The extra_execution_platforms flag may only be set once; later instances will override earlier flag settings. Read the Bazel command line reference for more info.

To constrain a build or test target to a specific execution platform, and therefore to run that target on a desired remote executor group, set the exec_properties attribute in the target to be constrained to the desired execution platform.

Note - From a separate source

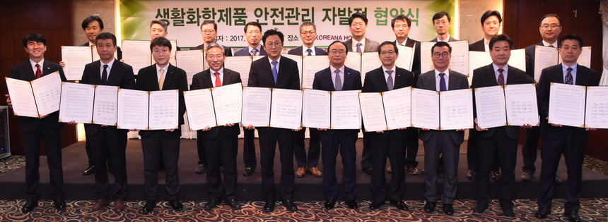환경부·식품의약품안전처·한국환경산업기술원과 국내 17개 생활화학제품 제조·수입·유통사는 28일 서울 중구 코리아나호텔에서 '생활화학제품 안전관리 자발적 협약'을 체결했다.

For example, to constrain a test target to run on the host_large executors defined above, exec_properties set the test target as follows:

sh_test(
name = "larget_test",
srcs = ["larget_test.sh"],
exec_properties = {
"OSFamily": "Linux",
"container-image": "docker://<your Docker image>", # NOTE: this is the Docker image for this specific platform
"host_large" = "true"
},
)
info

Read the Bazel common attributes documentation for more info on exec_properties, which is a built-in attribute on all build & test rules.

Unconstrained targets, without exec_properties set, default to run on the first platform specified in extra_execution_platforms, which should also match the host_platform flag when there are multiple extra_execution_platforms specified.